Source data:
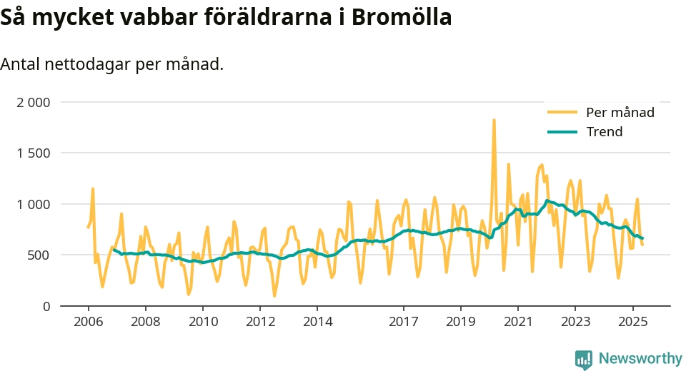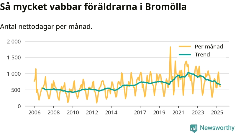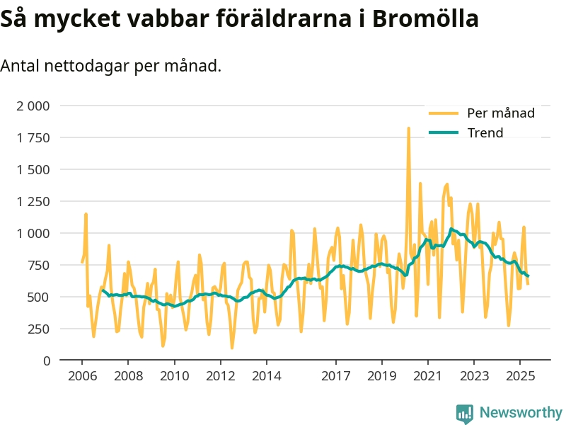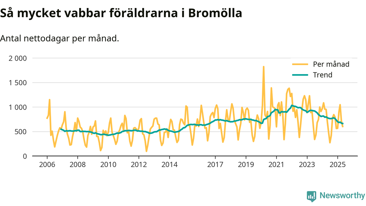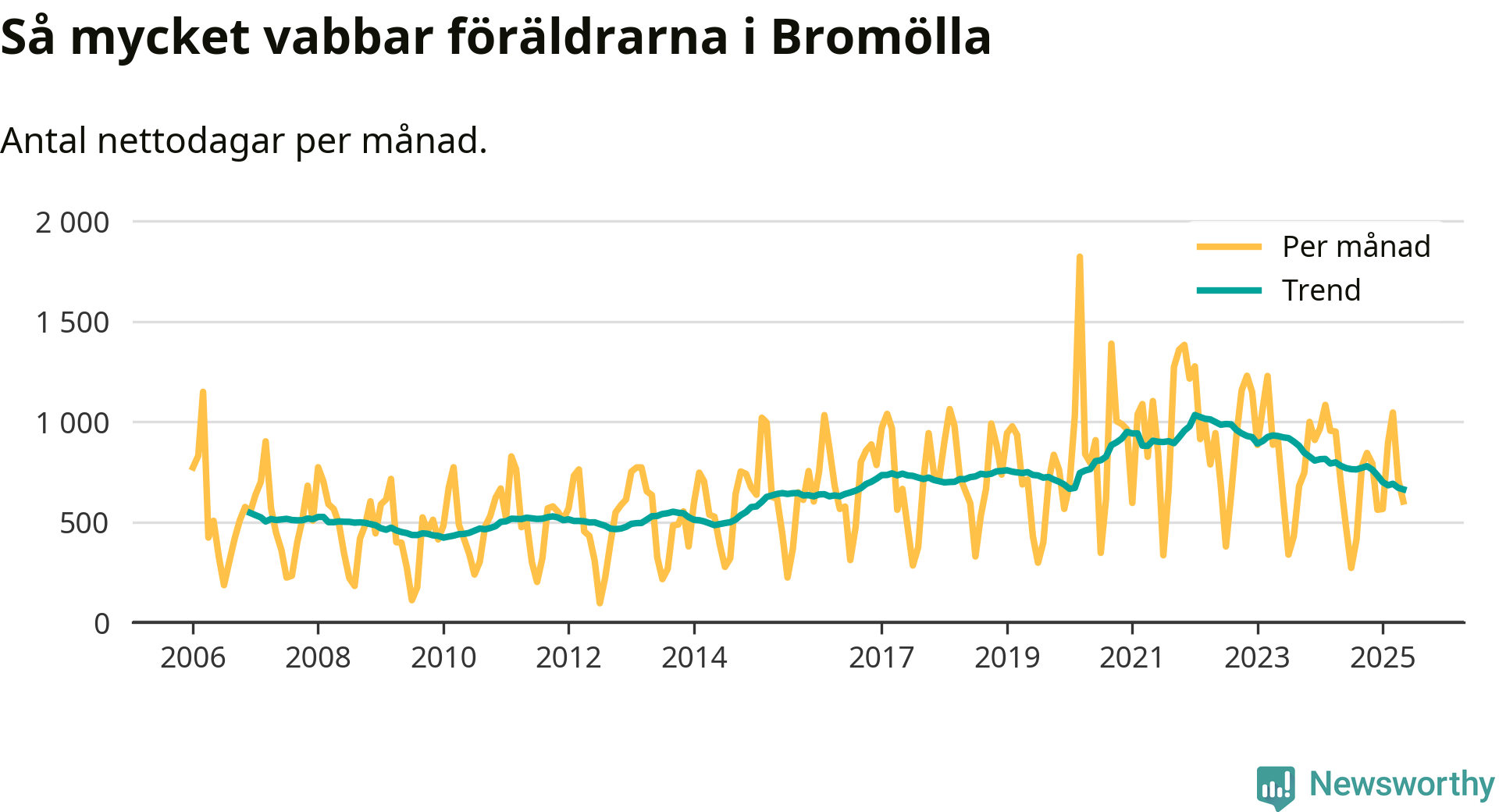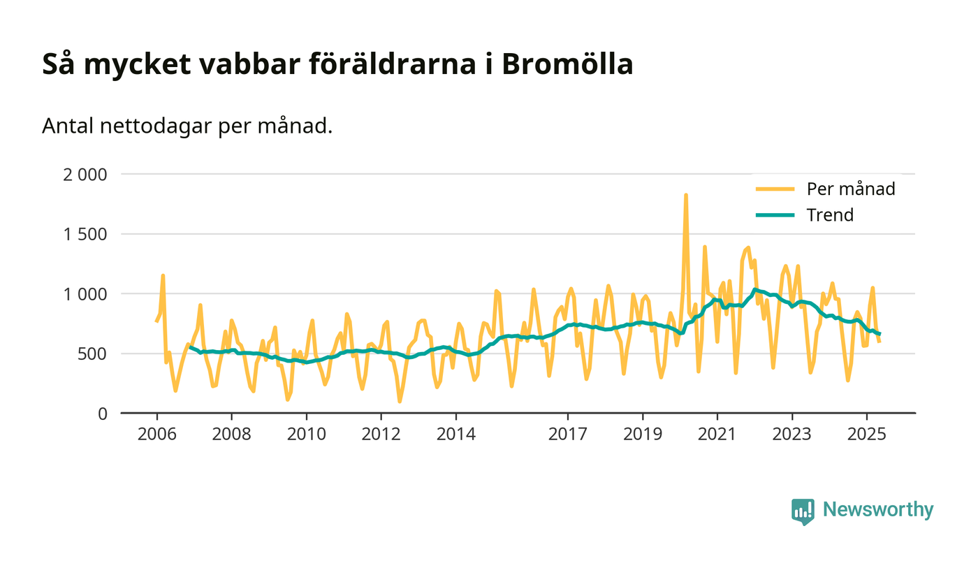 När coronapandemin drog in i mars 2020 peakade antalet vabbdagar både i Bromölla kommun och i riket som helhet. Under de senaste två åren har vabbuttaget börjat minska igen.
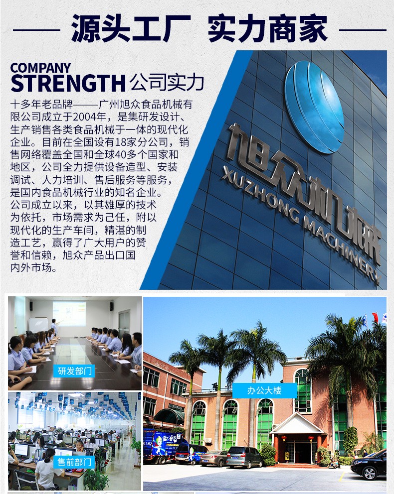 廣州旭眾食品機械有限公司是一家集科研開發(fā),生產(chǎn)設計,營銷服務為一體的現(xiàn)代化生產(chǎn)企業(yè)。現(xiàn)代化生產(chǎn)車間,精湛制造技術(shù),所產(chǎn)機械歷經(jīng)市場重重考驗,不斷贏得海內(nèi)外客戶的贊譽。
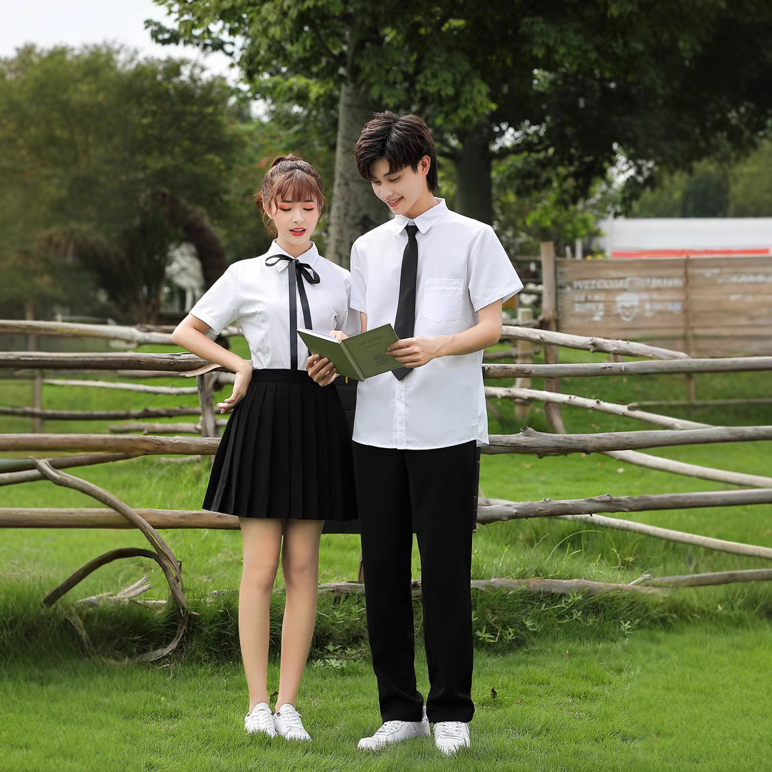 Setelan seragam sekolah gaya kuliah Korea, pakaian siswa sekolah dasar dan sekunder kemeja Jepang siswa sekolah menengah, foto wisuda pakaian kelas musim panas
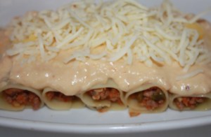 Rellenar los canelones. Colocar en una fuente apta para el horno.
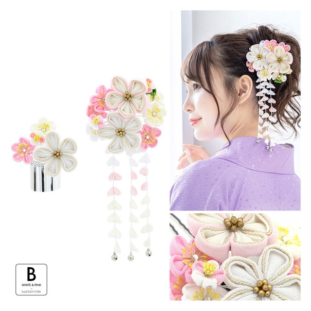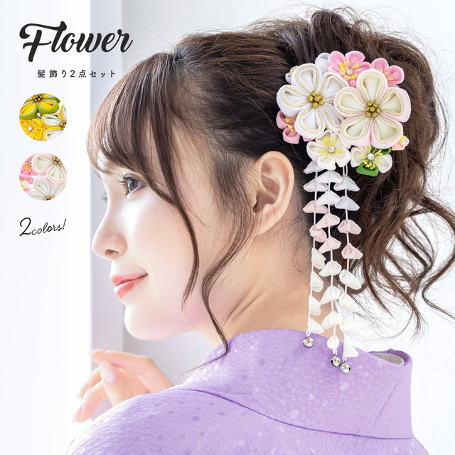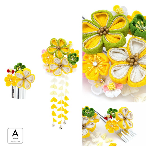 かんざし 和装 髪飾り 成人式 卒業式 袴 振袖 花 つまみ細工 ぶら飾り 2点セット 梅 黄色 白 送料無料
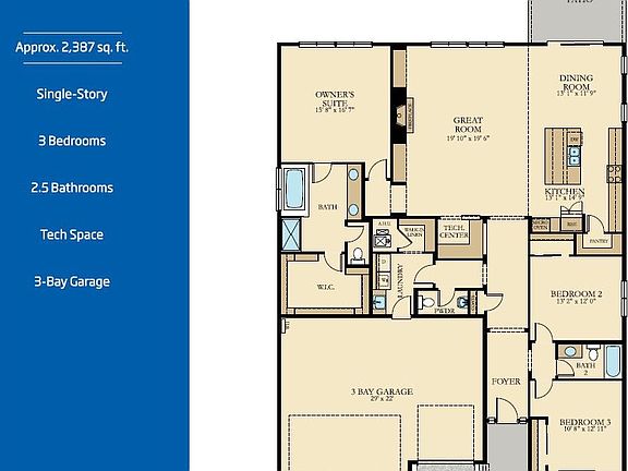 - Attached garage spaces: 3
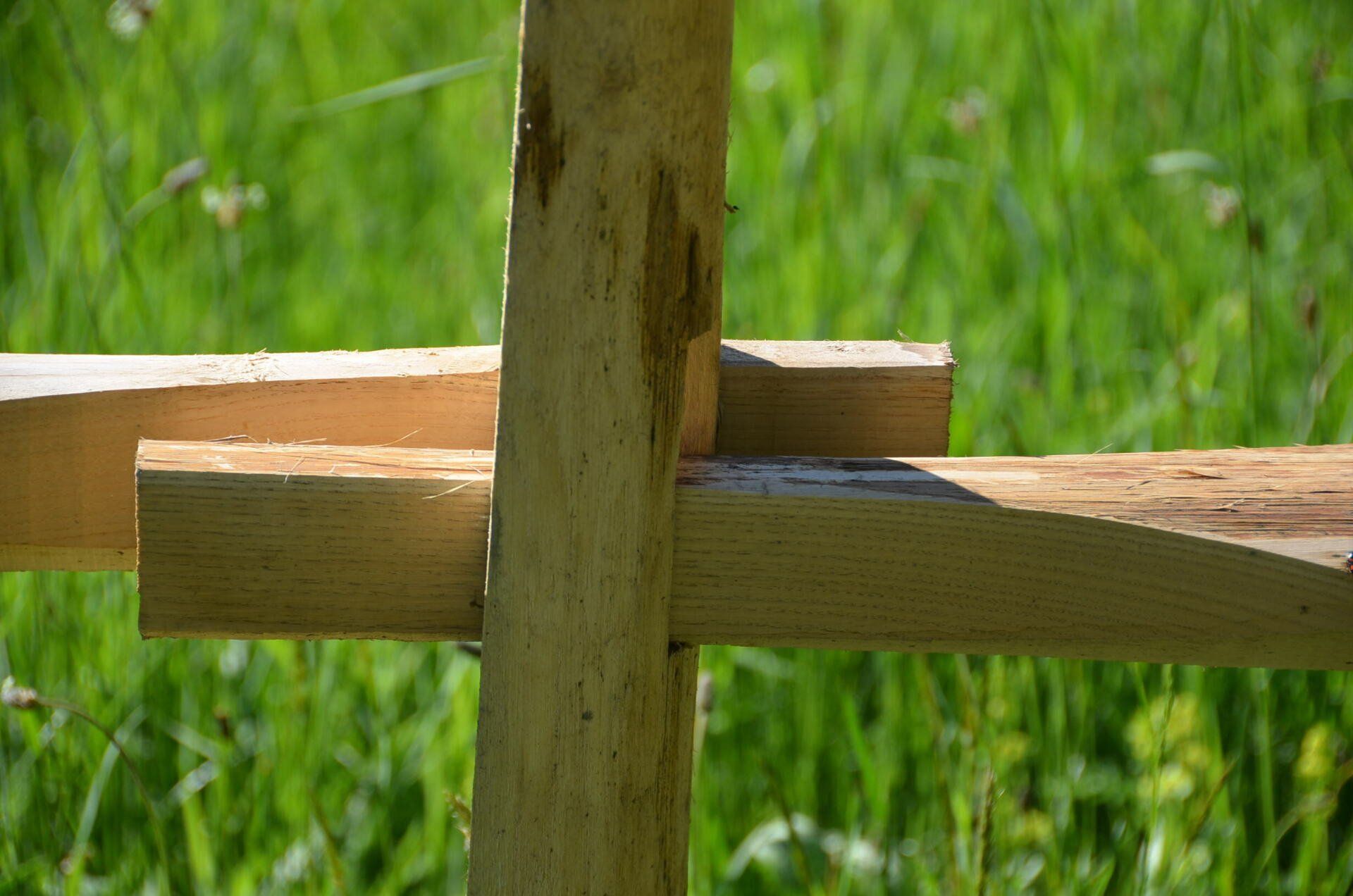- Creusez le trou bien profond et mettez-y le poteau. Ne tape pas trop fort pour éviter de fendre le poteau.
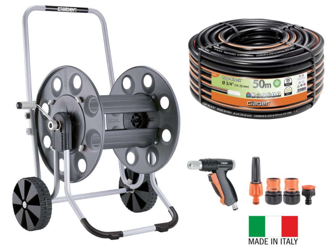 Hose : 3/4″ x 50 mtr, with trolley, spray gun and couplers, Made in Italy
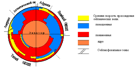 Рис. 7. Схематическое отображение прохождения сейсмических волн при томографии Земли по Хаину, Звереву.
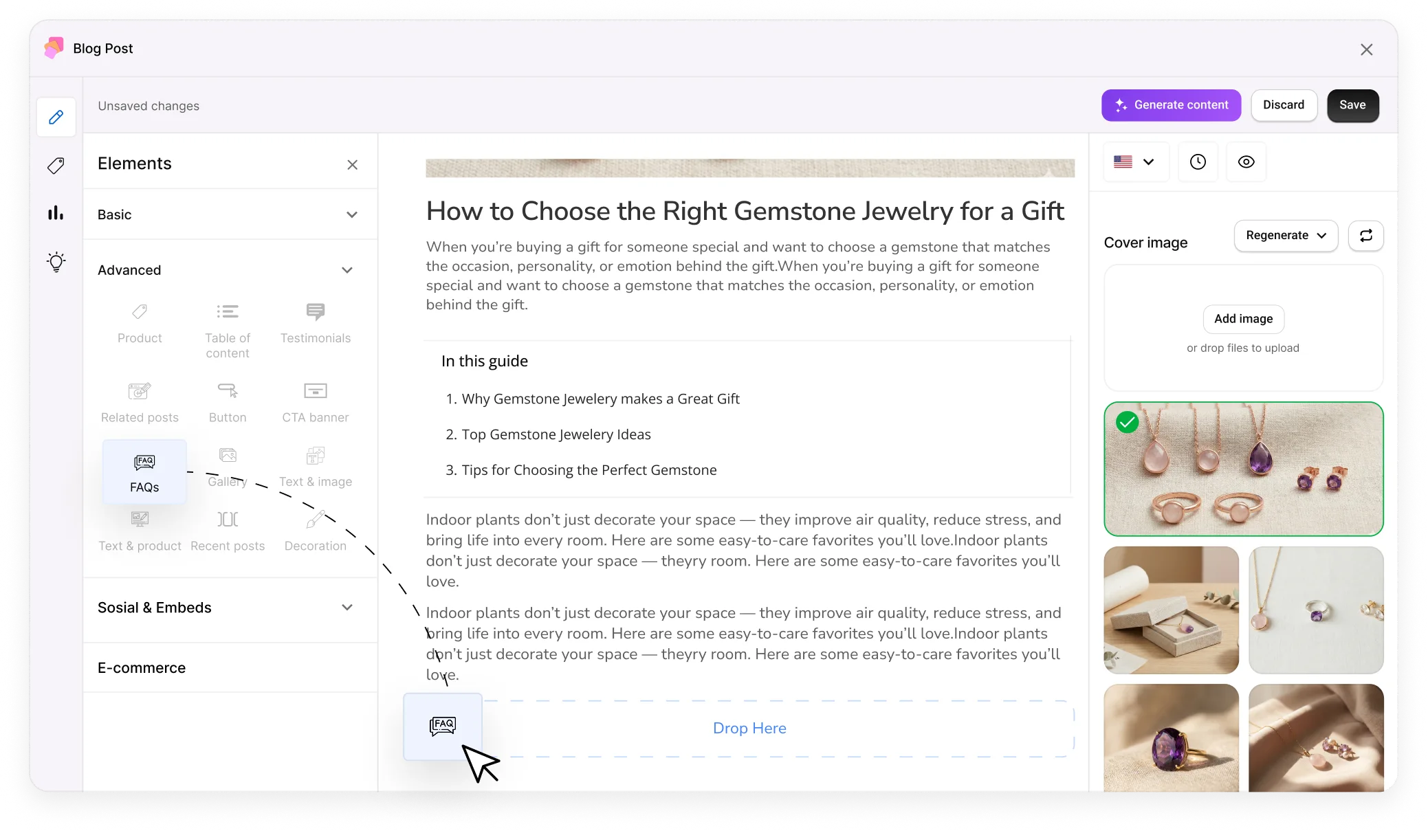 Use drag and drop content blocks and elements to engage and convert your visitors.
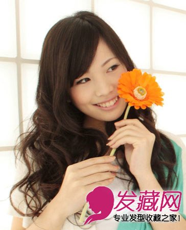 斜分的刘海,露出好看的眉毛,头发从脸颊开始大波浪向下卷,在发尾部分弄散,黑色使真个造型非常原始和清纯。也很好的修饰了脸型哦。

— Required action —
Once the pictures are set aside, repeat the data above exactly.

— Completed exercise —
 När coronapandemin drog in i mars 2020 peakade antalet vabbdagar både i Bromölla kommun och i riket som helhet. Under de senaste två åren har vabbuttaget börjat minska igen.
 廣州旭眾食品機械有限公司是一家集科研開發(fā),生產(chǎn)設計,營銷服務為一體的現(xiàn)代化生產(chǎn)企業(yè)。現(xiàn)代化生產(chǎn)車間,精湛制造技術(shù),所產(chǎn)機械歷經(jīng)市場重重考驗,不斷贏得海內(nèi)外客戶的贊譽。
 Setelan seragam sekolah gaya kuliah Korea, pakaian siswa sekolah dasar dan sekunder kemeja Jepang siswa sekolah menengah, foto wisuda pakaian kelas musim panas
 Rellenar los canelones. Colocar en una fuente apta para el horno.
 かんざし 和装 髪飾り 成人式 卒業式 袴 振袖 花 つまみ細工 ぶら飾り 2点セット 梅 黄色 白 送料無料
 - Attached garage spaces: 3
- Creusez le trou bien profond et mettez-y le poteau. Ne tape pas trop fort pour éviter de fendre le poteau.
 Hose : 3/4″ x 50 mtr, with trolley, spray gun and couplers, Made in Italy
 Рис. 7. Схематическое отображение прохождения сейсмических волн при томографии Земли по Хаину, Звереву.
 Use drag and drop content blocks and elements to engage and convert your visitors.
 斜分的刘海,露出好看的眉毛,头发从脸颊开始大波浪向下卷,在发尾部分弄散,黑色使真个造型非常原始和清纯。也很好的修饰了脸型哦。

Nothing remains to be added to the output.